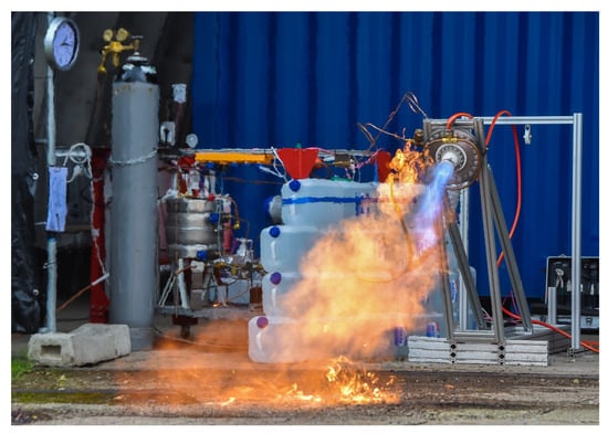 - Sieder, J.; Kleebusch, K.; Bach, C.; Tajmar, M. Development History and Verification of the Flight Model of a 500 N Ethanol/LOX Rocket Engine. In Proceedings of the 7th European Conference for Aeronautics and Space Sciences, Milan, Italy, 3–6 July 2017. [Google Scholar]
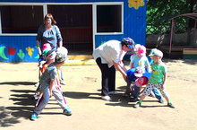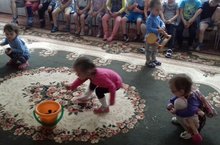 14 августа педагоги Якупова Л.Р. и Новикова М.В. провели для воспитанников спортивное развлечение "Игры в лесу". Дошкольники по дороге на лесную полянку преодолели "полосу препятствий": "тропинка" из шнура, скамейка ("поваленное дерево"), дуги для подлезания ("дерево наклонилось"). На "лесной поляне" поиграли в игры: "Собери букет", "Четыре стихии","Кто больше шишек соберёт".
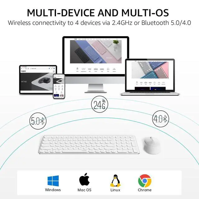 Compact Wireless ComboFeaturing a 99-key layout with number pad and arrow keys, a silent mouse with side buttons - enhancing your typing and browsing efficiency yet taking 20% less space. ^^ Multi-Device and Multi-OSPair with up to 4 devices on nearly any operating system (Windows, Mac OS, Linux) via Bluetooth 5.0 / 4.0 and the plug-and-play USB receiver. Open up new ways to type on your PC, tablet, phone, or a second computer. ^^ Fluid Typing ExperienceLaptop-like profile with incurve rounded keys for your fingertips delivers a fast, fluid, precise and quiet typing experience.
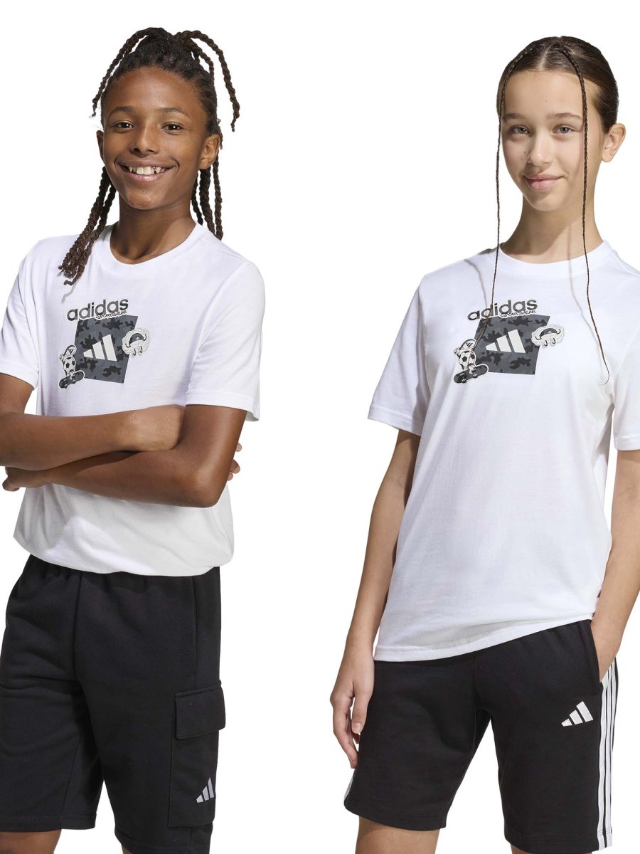 La T‑shirt Adidas per bambina/ragazza unisce comfort, stile e praticità, diventando un capo essenziale per la stagione primavera/estate. Realizzata in morbido cotone traspirante, garantisce freschezza e libertà di movimento durante giochi, attività sportive leggere o momenti di svago all’aperto. Il design è impreziosito da una stampa camouflage “Camo Train” moderna e originale, mentre il logo Adidas frontale aggiunge un dettaglio distintivo e autentico del marchio. La vestibilità regolare e il girocollo classico assicurano comfort in ogni situazione.

☆ ☆ ☆ ☆

* [Work required]: Repeat, with no pictures, each line from the beginning of the data through the line containing "Compact Wireless ComboFeaturing", inclusive.

* [Answer to the problem]:
 - Sieder, J.; Kleebusch, K.; Bach, C.; Tajmar, M. Development History and Verification of the Flight Model of a 500 N Ethanol/LOX Rocket Engine. In Proceedings of the 7th European Conference for Aeronautics and Space Sciences, Milan, Italy, 3–6 July 2017. [Google Scholar]
 14 августа педагоги Якупова Л.Р. и Новикова М.В. провели для воспитанников спортивное развлечение "Игры в лесу". Дошкольники по дороге на лесную полянку преодолели "полосу препятствий": "тропинка" из шнура, скамейка ("поваленное дерево"), дуги для подлезания ("дерево наклонилось"). На "лесной поляне" поиграли в игры: "Собери букет", "Четыре стихии","Кто больше шишек соберёт".
 Compact Wireless ComboFeaturing a 99-key layout with number pad and arrow keys, a silent mouse with side buttons - enhancing your typing and browsing efficiency yet taking 20% less space. ^^ Multi-Device and Multi-OSPair with up to 4 devices on nearly any operating system (Windows, Mac OS, Linux) via Bluetooth 5.0 / 4.0 and the plug-and-play USB receiver. Open up new ways to type on your PC, tablet, phone, or a second computer. ^^ Fluid Typing ExperienceLaptop-like profile with incurve rounded keys for your fingertips delivers a fast, fluid, precise and quiet typing experience.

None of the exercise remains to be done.